Instructions to follow:
Below are the entries. Transcribe exactly the lines from the one with "打开主驾驶车门,吉普车的内饰" through the one with "Luchita Rivera and", ends included, and leave out all others.

Given records:
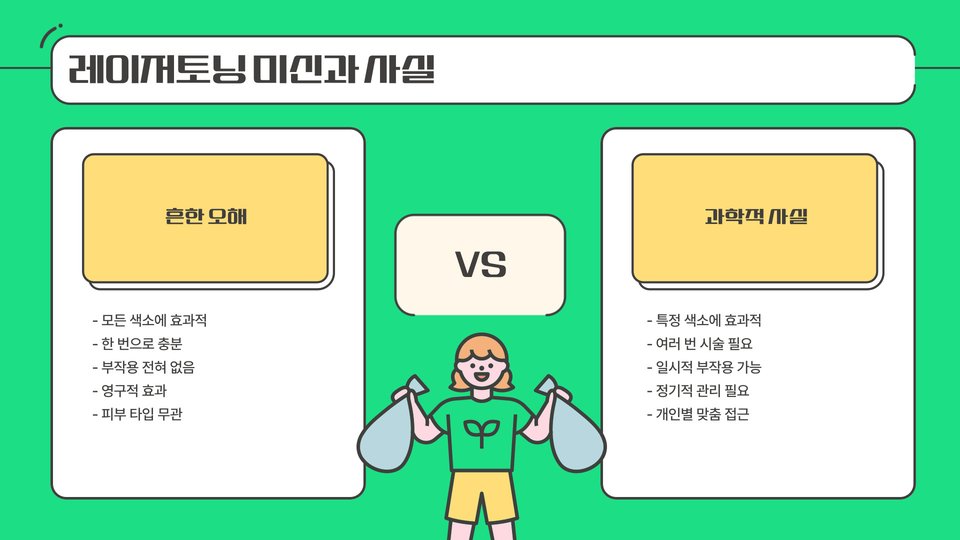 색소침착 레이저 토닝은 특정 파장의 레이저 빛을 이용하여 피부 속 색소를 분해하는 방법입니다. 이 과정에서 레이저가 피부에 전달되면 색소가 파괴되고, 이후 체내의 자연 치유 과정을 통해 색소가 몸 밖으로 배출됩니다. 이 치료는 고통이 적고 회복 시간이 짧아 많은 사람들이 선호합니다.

==

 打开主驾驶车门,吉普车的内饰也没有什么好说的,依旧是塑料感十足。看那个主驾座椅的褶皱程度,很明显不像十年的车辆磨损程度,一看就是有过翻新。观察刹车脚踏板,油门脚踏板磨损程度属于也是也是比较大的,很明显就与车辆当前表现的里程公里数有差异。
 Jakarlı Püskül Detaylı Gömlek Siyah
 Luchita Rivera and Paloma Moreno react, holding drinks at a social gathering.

Solution to this task:
 打开主驾驶车门,吉普车的内饰也没有什么好说的,依旧是塑料感十足。看那个主驾座椅的褶皱程度,很明显不像十年的车辆磨损程度,一看就是有过翻新。观察刹车脚踏板,油门脚踏板磨损程度属于也是也是比较大的,很明显就与车辆当前表现的里程公里数有差异。
 Jakarlı Püskül Detaylı Gömlek Siyah
 Luchita Rivera and Paloma Moreno react, holding drinks at a social gathering.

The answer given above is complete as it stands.